▸ **DATA EXCERPT**:
----------

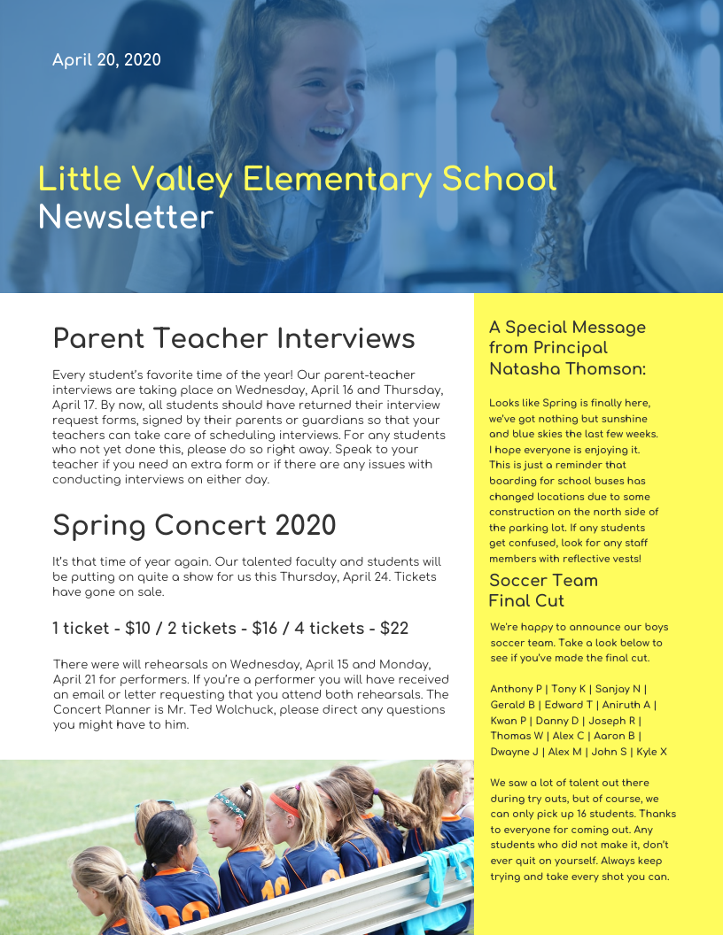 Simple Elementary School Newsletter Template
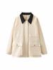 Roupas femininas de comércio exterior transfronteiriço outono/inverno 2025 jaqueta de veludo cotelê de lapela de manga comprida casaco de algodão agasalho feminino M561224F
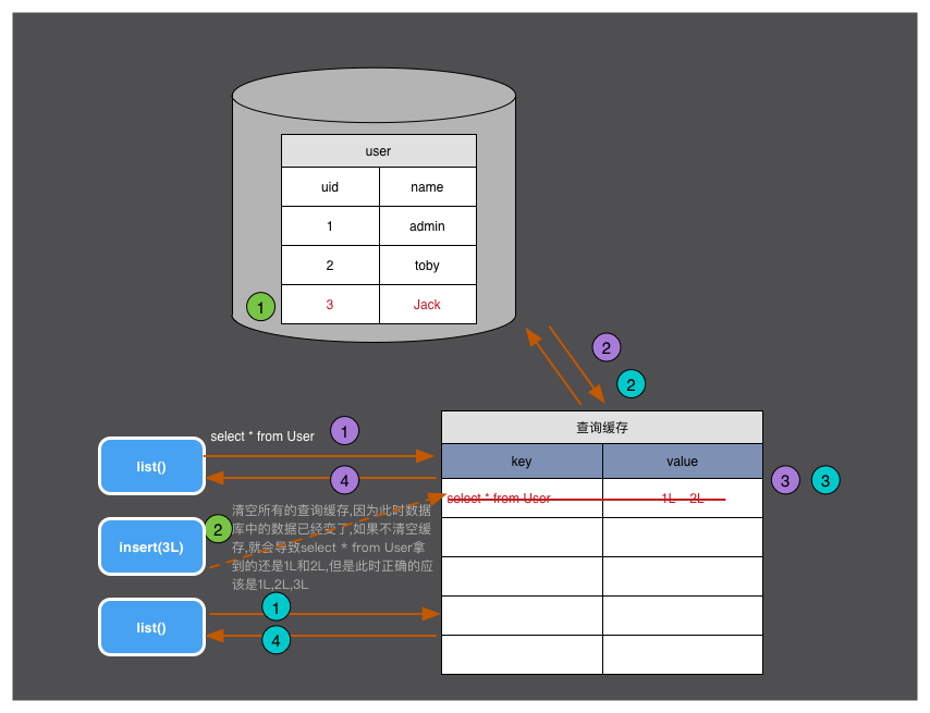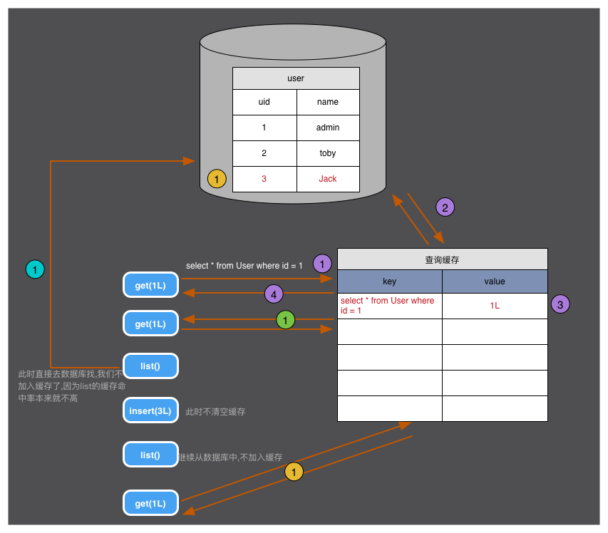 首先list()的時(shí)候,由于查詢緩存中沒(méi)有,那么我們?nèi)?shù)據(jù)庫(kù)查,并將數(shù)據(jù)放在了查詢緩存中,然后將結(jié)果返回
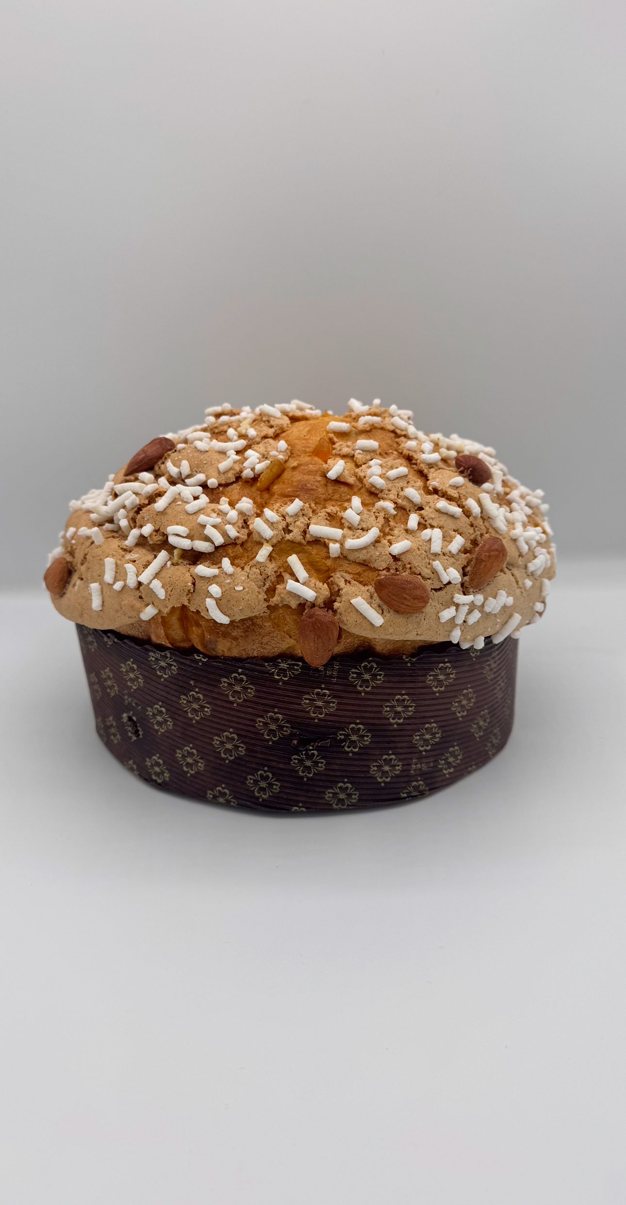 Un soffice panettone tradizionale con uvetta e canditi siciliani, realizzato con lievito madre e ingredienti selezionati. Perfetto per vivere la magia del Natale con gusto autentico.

----------

▸ **WHAT IS NEEDED**:
Reprint the whole listing verbatim except for the pictures.

▸ **ANSWER BOX**:
 Simple Elementary School Newsletter Template
 Roupas femininas de comércio exterior transfronteiriço outono/inverno 2025 jaqueta de veludo cotelê de lapela de manga comprida casaco de algodão agasalho feminino M561224F
 首先list()的時(shí)候,由于查詢緩存中沒(méi)有,那么我們?nèi)?shù)據(jù)庫(kù)查,并將數(shù)據(jù)放在了查詢緩存中,然后將結(jié)果返回
 Un soffice panettone tradizionale con uvetta e canditi siciliani, realizzato con lievito madre e ingredienti selezionati. Perfetto per vivere la magia del Natale con gusto autentico.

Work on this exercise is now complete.